Avec son livre Construction, publié aux éditions HYX, Dominique Lyon, architecte – avec Patrice du Besset – de la médiathèque d’Orléans, nous propose une vaste réflexion sur l’architecture contemporaine, son rapport aux contextes, aux situations, sur les liens entre l’architecture et l’écriture. Son livre lui-même est une construction puisqu’il rassemble l’essentiel de l’œuvre de l’agence Lyon/du Besset et nous donne à lire un itinéraire fait d’œuvres construites et d’autres – hélas ! – qui ne le sont pas, comme ce projet pour l’ambassade de France à Tokyo qu’« un caprice de ministre a condamné ». De surcroît, de page en page, cet ouvrage nous livre une méthode, plus encore qu’un itinéraire.
Cette méthode est dialectique.
Au commencement est la situation. La construction s’inscrit toujours dans une situation – un contexte – qu’elle changera. Impossible de construire en ignorant la situation. Impossible – tout autant- de construire en étant prisonnier de la situation.
Le musée Guggenheim de Bilbao n’est pas déterminé par le contexte. Il n’est pas sujétion au contexte. Ce contexte, il le malmène, le bouscule, le dépasse, le transcende.
Ainsi la médiathèque d’Orléans. Sa construction là où elle est fut d’abord – j’en puis témoigner – un choix politique – politique au sens noble du terme. Il s’agissait qu’il y eût dans la ville un quartier voué à la culture et un autre voué au commerce et à la circulation. La culture doit partout magnifier l’espace.
Il y a aussi les mails, jadis lieu de convivialité, aujourd’hui pseudo-autoroute, les mails, vrai boulevard de l’agglomération, par où on passe pour aller partout, qu’il faut assurément reconquérir. D’où la médiathèque, phare, vigie, monument classique et lumineux. Elle contribue à la reconquête des mails. Mais cette contribution est loin de suffire et il y a beaucoup à faire.
La médiathèque donc, est la vigie et le signal que toute ville, même dans ses circulations les plus envahissantes et dans ses environnements les plus arides, existe par les signes culturels qui l’organisent symboliquement.
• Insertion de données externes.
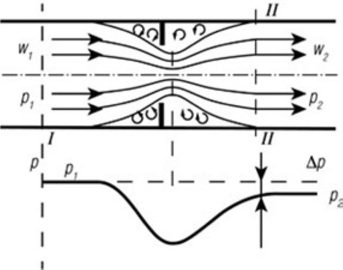 При прохождении газа через седловой отвод, который представляет собой местное сужение, происходит его дросселирование, т.е. снижение давления газа без совершения им механической работы. При подходе к прорезанному фрезой отверстию поток газа, сужаясь, разгоняется, давление внутри него уменьшается, а на стенке трубопровода вследствие торможения газа в застойной зоне оно несколько повышается. После прохождения отверстия поток, расширяясь до стенок трубопровода, тормозится, давление газа при этом возрастает. Однако давление Р2 после сужения оказывается меньше давления Р1 перед сужением [2]. Снижение давления является следствием потерь на трение и вихреобразование, вызванное разностью давлений (рис. 3).
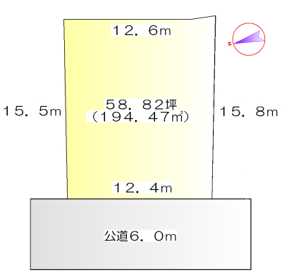 | 形状 | 間口 12.4m × 奥行 15.4m | 道路 | - |
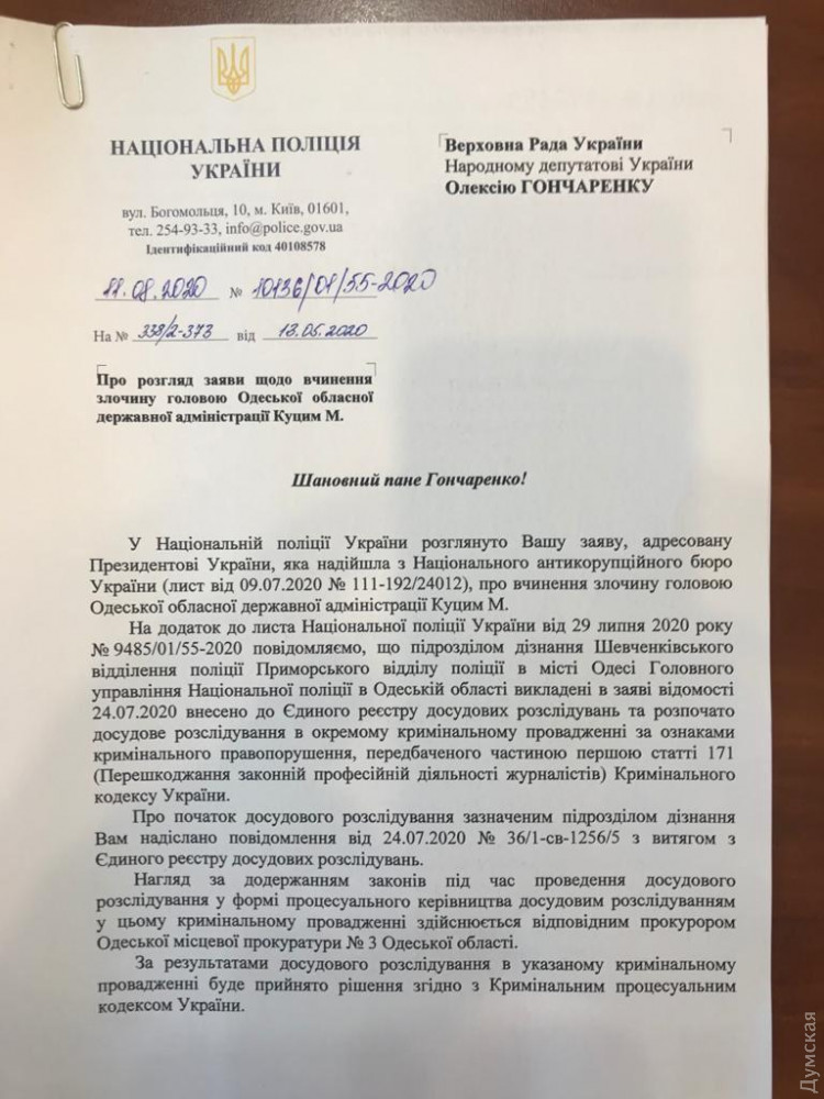 Дознаватель Шевченковского отделения полиции Одессы открыл уголовное производство по факту инцидента, который имел место в мае этого года в кабинете главы облгосадминистрации Максима Куцего.
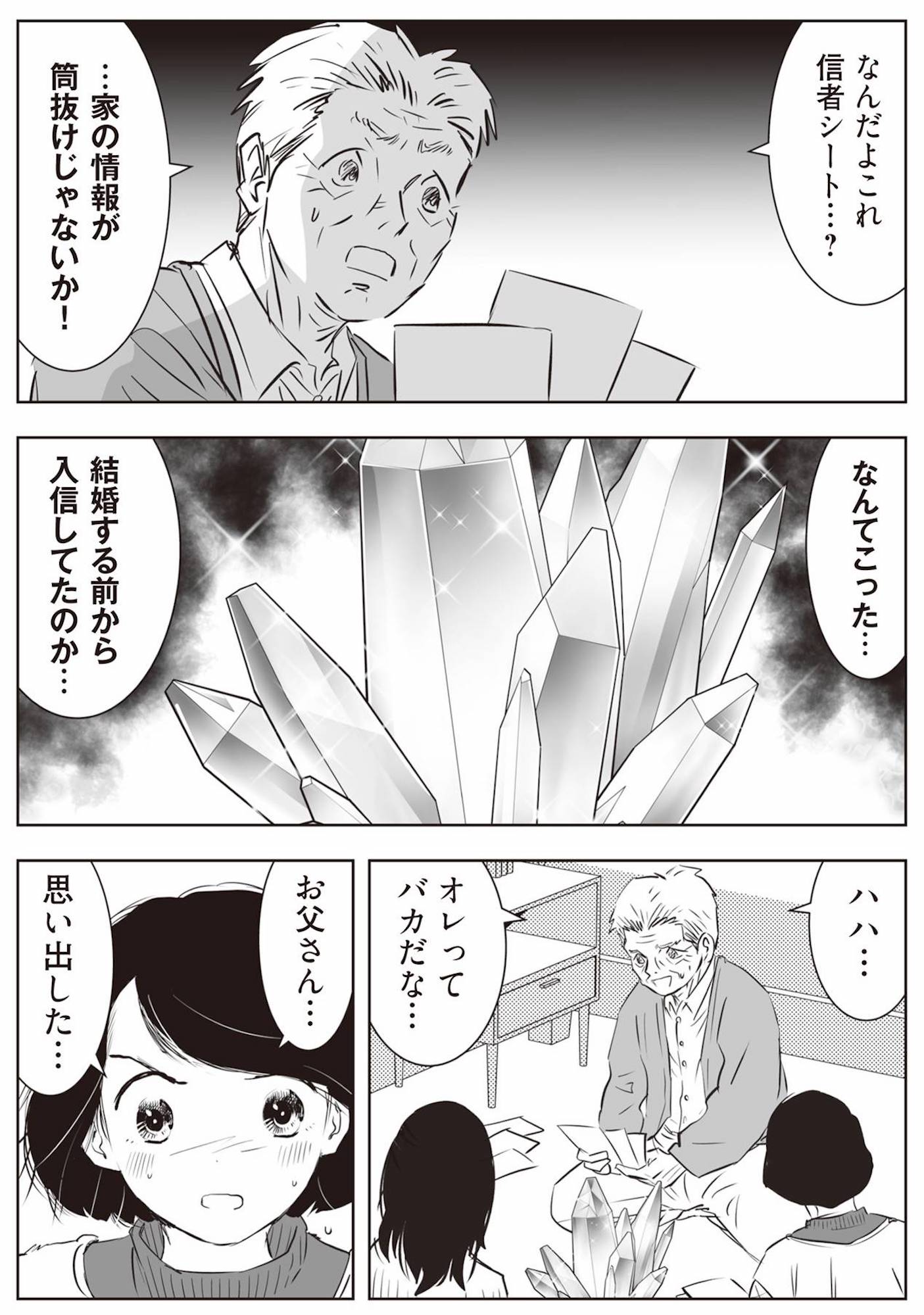 大きな水晶が1千万円!? 家から次々と見つかる宗教関連の商品に、家族は絶句【長年家族だと思っていた母は知らない人でした #9】
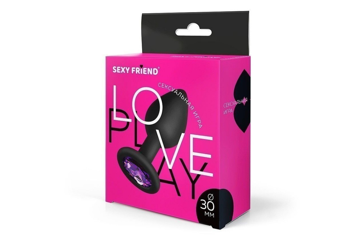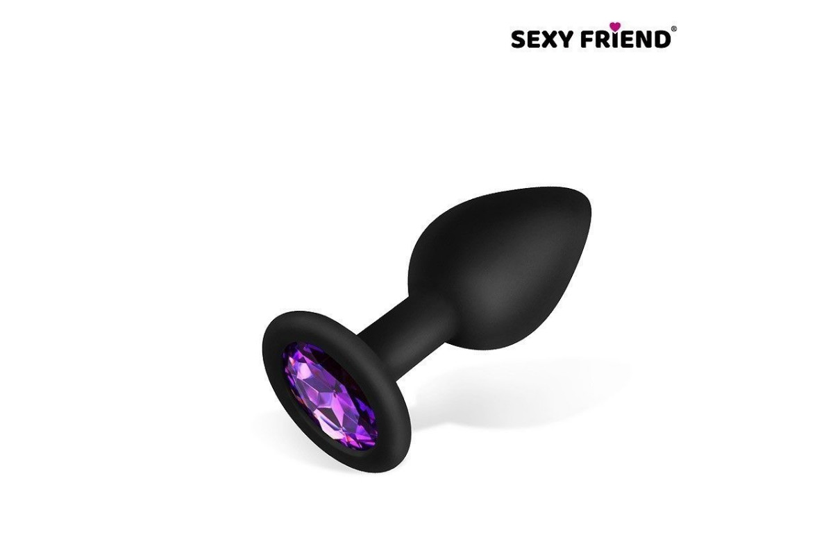 Черная силиконовая анальная втулка с фиолетовым кристаллом - 7,3 см.
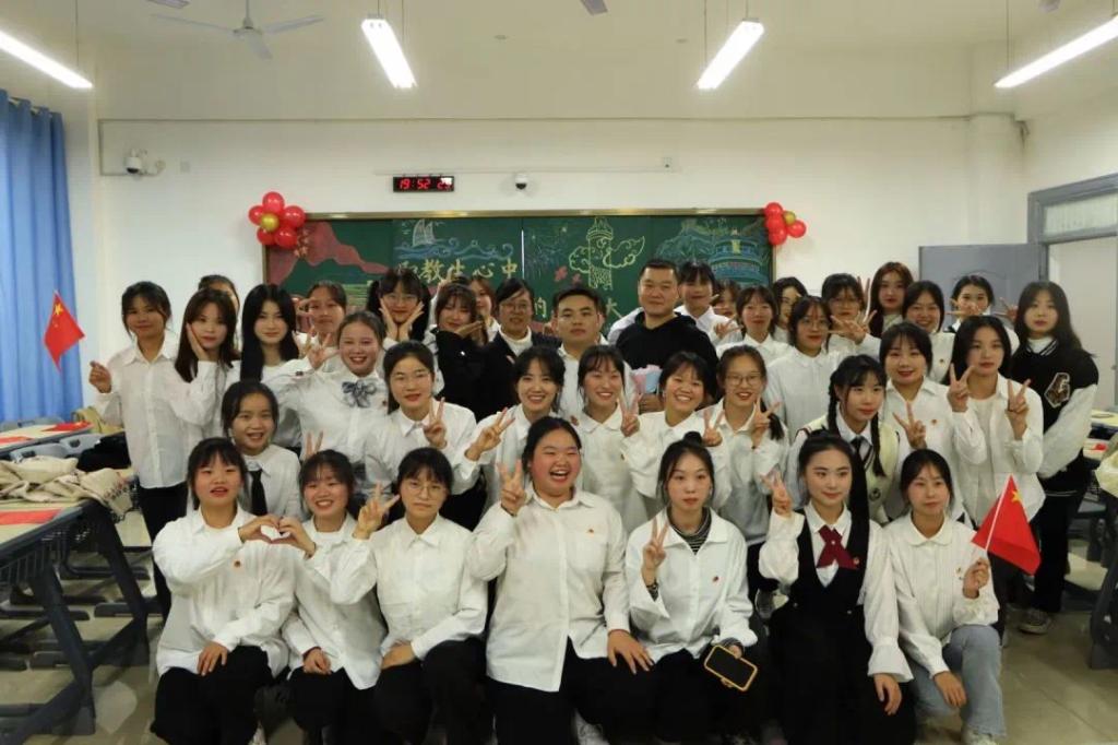 本站讯(团委 梅应轩 杨雨 施旸 学生记者 杨可欣 杨志欣)党的二十大报告中明确指出为党育人、为国育才的重要性,为全面提高职业教育人才培养质量,推动党的二十大精神深入人心、落地生根,进一步坚定理想信念、树立远大理想,11月22日晚,校团委在全校范围内组织开展“职教生心中的二十大”主题团日活动。活动中,各班团支部紧扣主题,采用PPT展示、故事分享、朗诵、歌曲合唱等多样形式开展此次活动。此次的示范性主题团日活动由国际教育学院18高英教1班团支部承担,校团委全体工作人员、各学院团总支书记及各二级学院学生代表现场观摩了此次活动,同时此次示范性主题团日活动也在“宜春职院青年”视频号上进行全程直播,供全校师生观摩学习。活动紧扣“职教生心中的二十大”主题灵活开展,以丰富多彩的节目将主题中心思想诠释展现。活动伊始,同学们通过观看学习强国平台视频相互交流心得体会,并生动演绎《打破职校偏见,携手走向未来》情景剧片段,随后进行的《我的二十岁遇见党的二十大》演讲与《写给2035年的我》的写信环节立意新颖、主题鲜明,向广大学子树立正确的职业教育价值认知,引导同学们将思想与行动相结合,充分彰显出热爱党,心向党的浓厚情怀。最后,整场活动在“强国一代有我在,我要秀出我厉害……”的歌声中落下帷幕,同学们也满怀感激地将鲜花赠予老师,体现出青年学子们立志将党的二十大精神融入立德树人,把小我融入大我的坚定理想信念。活动结束后,校团委书记施旸从前期准备和活动程序上肯定了活动开展效果,活动环节紧凑有序,同时针对活动细节指出了不足及改进建议。她指出英国上市公司365青年学子们应衷心拥护中国共产党的领导,自觉把青春梦融入中国梦,立志为打拼出一个更加美好的中国贡献青春的智慧和汗水。此外,各班级团支部也通过朗诵、观看视频、大合唱、PPT等形式开展。艺术与设计学院22舞蹈教育团支部采用手势舞的形式,生动形象地表现出她们对祖国未来的繁荣富强充满着无限向往和信心,荣获此次活动第三名。国际教育学院小学英语教育22304班团支部的同学们则通过合唱《造亿万吨光芒》,以热情饱满、洪亮有力的声音,唱出了新时代青年爱国主义旋律,荣获此次活动第二名。国际教育学院18高英教1班团支部作为本次示范性主题团日活动团支部荣获第一名。
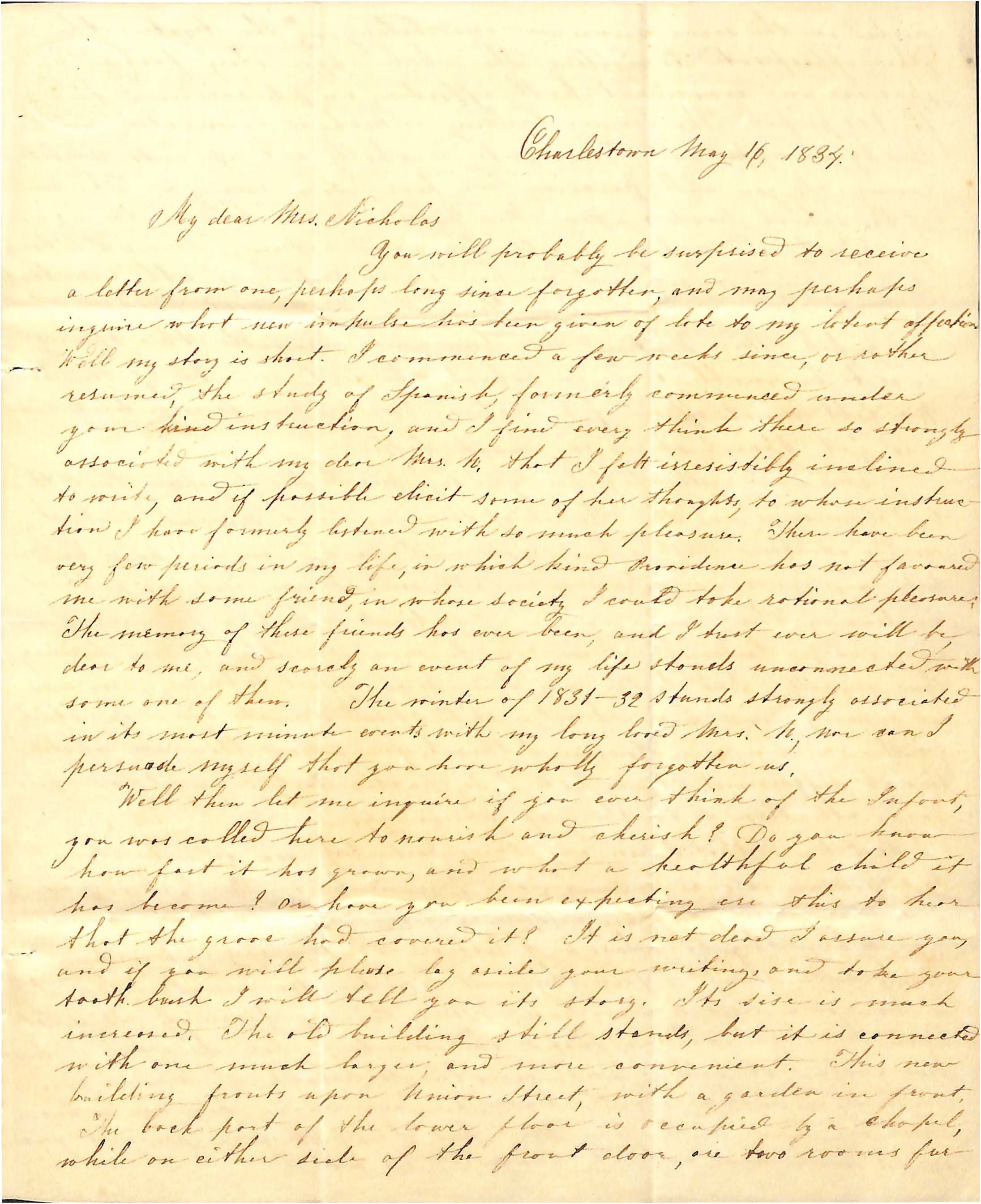 You will probably be surprised to receive/ a letter from one, perhaps long since forgotten, and may perhaps/ inquire what new impulse has been given of late to my distant affection./ Well my stay is short. I commenced a few weeks since, or rather/ resume the study of Spanish, formerly commenced under/ your kind instruction, and I find every think there so strongly/ associated with my dear Mrs N that I felt irresistibly inclined/ to write, and if possible elicit some of her thoughts, to whose instruct-/tion I have formerly listened with so much pleasure. There have been/ very few friends in my life, in which kind providence has not favored/ me with some friend, in whose society I could take rational pleasures./ The memory of these friends has ever been, and I trust ever will be/ dear to me, and scarcely an event of my life stands unconnected with/ some time of them. The winter of 1831-2 stands strongly associated/ in its most minute events with my long loved Mrs N, nor can I/ persuade myself that you have wholly forgotten us./
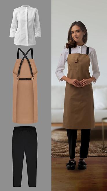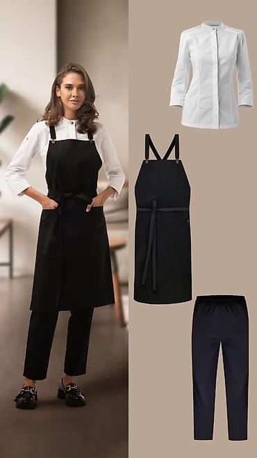 - Комплекты: китель/рубашка с воротником-стойкой, фартук на регулируемых лямках, прямые брюки.

Dominique Lyon explique cela remarquablement dans son livre. Il suffit de le citer.
« Cette construction, plus qu'aucun autre bâtiment conçu par l'agence, compose avec le contexte. Ce faisant, elle n'est pas contextuelle au sens où ce mot est entendu, car elle ne dialogue pas avec le voisinage. Elle le résout plutôt, mais sans pour autant répondre à une question qu'il poserait: il est indifférent. C'est bien elle qui pose les questions et qui s'applique à rendre l'environnement intéressant et c'est son problème. Au contexte, neutre, décomposé et brouillé jusqu'alors, elle fait valoir qu'une pièce lui manque qui va donner une image plus nette de l'ensemble. Elle advient, elle s'impose comme un évènement, et fait basculer la situation vers un équilibre satisfaisant, tout en gardant en mémoire les dynamiques en jeu. Pour tenir son rôle transformateur, elle collabore avec tous les éléments de la situation, sans les embarquer dans une fausse camaraderie architecturale {celle du « contextualisme »), sans rien perdre de sa singularité. Crânement, elle force son destin, car elle n'a pas le choix: il lui faut exister. Placée en fond d'une longue perspective, la médiathèque ne néglige en rien son rôle de monument. Comme elle ne se trouve pas si grande au bout du boulevard, elle se gonfle et n'hésite pas à s'affubler d'ornements. Un jeu de saillies sur un fond de dentelles en aluminium la pose là, précieuse, comme un cadeau empaqueté. Alors qu'à cet endroit le boulevard se casse, elle se plie pour reconstituer l'alignement le long de la voie et pour s'apparenter aux masses des grandes constructions voisines datant des années 70. Bordée qu'elle est par un bâtiment d'habitation de grande hauteur et par une église austère de style gothique, elle prend l'ascendant sur le premier en lui tournant légèrement le dos et en s'arrangeant pour que sa longueur soit au moins égale à la hauteur de ce grand voisin. Comme elle ne veut pas sembler moins bien faite que la seconde, sa matière d'aluminium est travaillée avec autant de soin que la pierre de sa voisine consacrée ; mais elle restera pimpante quand l'autre continuera d'être noircie par le temps et par la circulation des automobiles, par ces voitures qui passent près d'elle et la voient tourner sur elle-même suivant ses cassures, pour accompagner leurs mouvements. » (pages 80-82).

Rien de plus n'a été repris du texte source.